From: OvermindDL1 (overminddl1_at_[hidden])
Date: 2009-07-18 20:44:05


On Sat, Jul 18, 2009 at 9:15 AM, Eric Niebler<eric_at_[hidden]> wrote:
> OvermindDL1 wrote:
>>
>> To be honest, I had to change the core::to_number lines (commented
>> out) to boost::lexical_cast (right below the commented version), so
>> the xpressive version could be slightly faster if I actually had the
>> implementation of core::to_number available, and core::to_number was
>> well made.
>
> This could very well be the source of a major slow-down. Doesn't
> lexical_cast use string streams to do the conversion?

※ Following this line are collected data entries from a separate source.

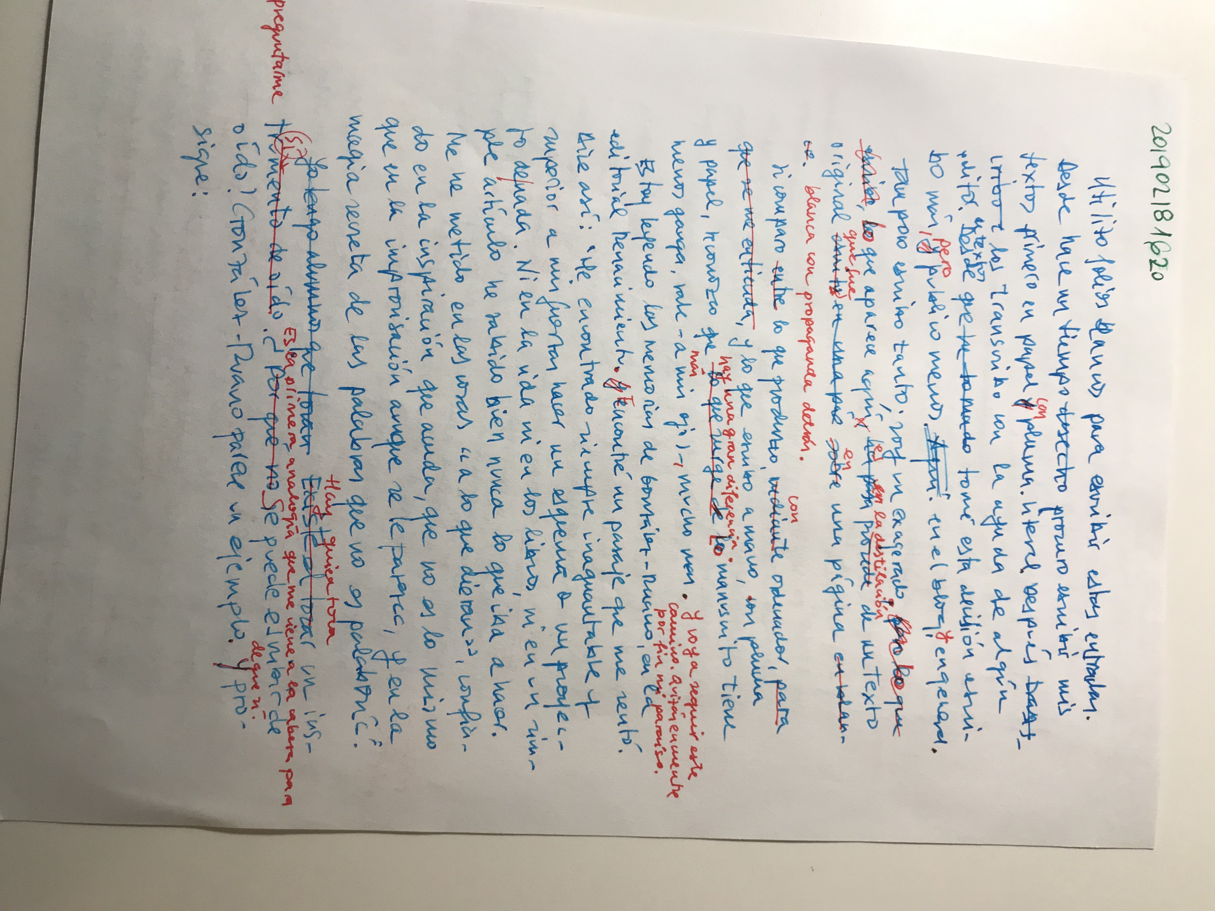 Me fulmina, sí, me fulmina de esta manera tan rotunda cuando hace desaparecer del horizonte de su quehacer lo que a mí me paraliza cuando escribo con el ordenador: al censor, al corrector de estilo que alimento cuando escribo así. Esta es una de las causas por las que quiero persistir en esta forma de nueva escritura, más lenta, pausada, manuscrita. Por eso adoro escribir con máquina de escribir y no con ordenador.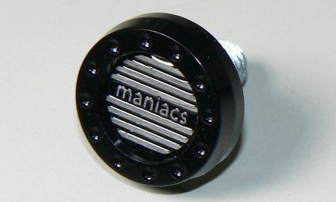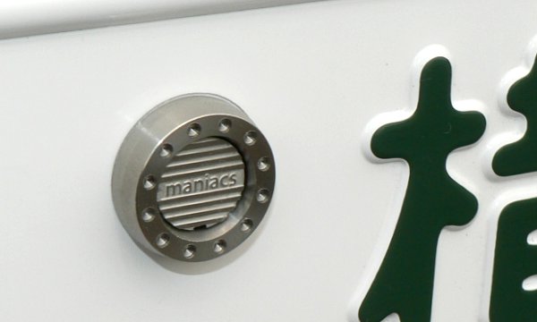 工房長です。数日前に新発売した、最新デザインのライセンスプレートスタッド2種類をご紹介いたします。ライセンスプレートスタッドは、maniacsのレギュラー商品の中でもとくにポピュラーで常にベストセラーの上位にあります。これまで、VW純正バッジを装着するタイプが3種類、maniacsオリジナルのタイプが1種類で、計4種類のラインナップでした。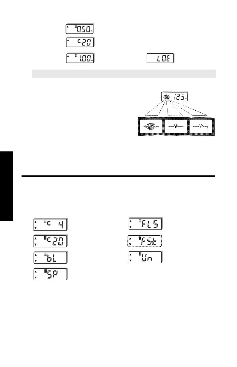 Pulsar simultáneamente las teclas "4" y "20" hasta visualizar el ajuste deseado. Se visualiza

It seems to me that
> you're comparing apples to oranges.

Yes, as I complained about multiple times in this thread about people
not posting complete code snippets, what am I supposed to make of a
function call that does not exist?

On Sat, Jul 18, 2009 at 1:51 PM, John Bytheway<jbytheway+boost_at_[hidden]> wrote:
> OvermindDL1 wrote:
> <snip>
>> As stated, I have heard that Visual Studio handles template
>> stuff like Spirit better then GCC, so I am very curious how GCC's
>> timings on this file would be.
>
> Alas, gcc doesn't do so well.  I had to make a few tweaks to your code
> (you typedefed int64_t at global scope which clashes with the one in the
> C library headers, and you used an INT64 macro which doesn't exist here)
> but then I got a very long error ending with this:
>
> .../boost-trunk/boost/proto/transform/call.hpp:146: internal compiler
> error: Segmentation fault
>
> I guess the metaprogramming is too much for it :(.
>
> That was with -O3 -DNDEBUG -march=native and gcc version:
> gcc (Gentoo 4.3.3-r2 p1.2, pie-10.1.5) 4.3.3

I do not get that, GCC usually handles more templates then MSVC ever
has, just usually not as optimized, so I do not understand how you
could be getting a compiler error.

On Sat, Jul 18, 2009 at 1:51 PM, John Bytheway<jbytheway+boost_at_[hidden]> wrote:
> So then I tried icc 10.1 (essentially same options) which takes over a
> minute to compile this, but does succeed.  With that I got:
>
> $ ./price-icc
> Loop count:  10000000
> Parsing:  42.5
> xpressive:  27.4704
> spirit-quick(static):  1.58132
> spirit-quick_new(threadsafe):  1.52971
> spirit-grammar(threadsafe/reusable):  1.64666
>
> which are much the same as your results (except ~1.7 times faster all
> round), but the Parsing result is obviously meaningless and the
> xpressive also dubious because of lexical_cast.
>
> I then tried with icc's inter-procedural optimisations turned on too,
> which improves the xpressive code significantly, but doesn't obviously
> affect spirit:
>
> $ ./price-icc-ipo
> Loop count:  10000000
> Parsing:  42.5
> xpressive:  17.3577
> spirit-quick(static):  1.52487
> spirit-quick_new(threadsafe):  1.51834
> spirit-grammar(threadsafe/reusable):  1.65164
>
> Finally I used static linking, and the xpressive time improved again,
> and maybe the others a little.  This surprised me.
>
> $ ./price-icc-ipo-static
> Loop count:  10000000
> Parsing:  42.5
> xpressive:  12.6157
> spirit-quick(static):  1.49887
> spirit-quick_new(threadsafe):  1.48146
> spirit-grammar(threadsafe/reusable):  1.62731

Regardless, all of these numbers and times are vastly higher then what
the previous person posted, so very nice. We just need the compilable
original code to see how it compares now.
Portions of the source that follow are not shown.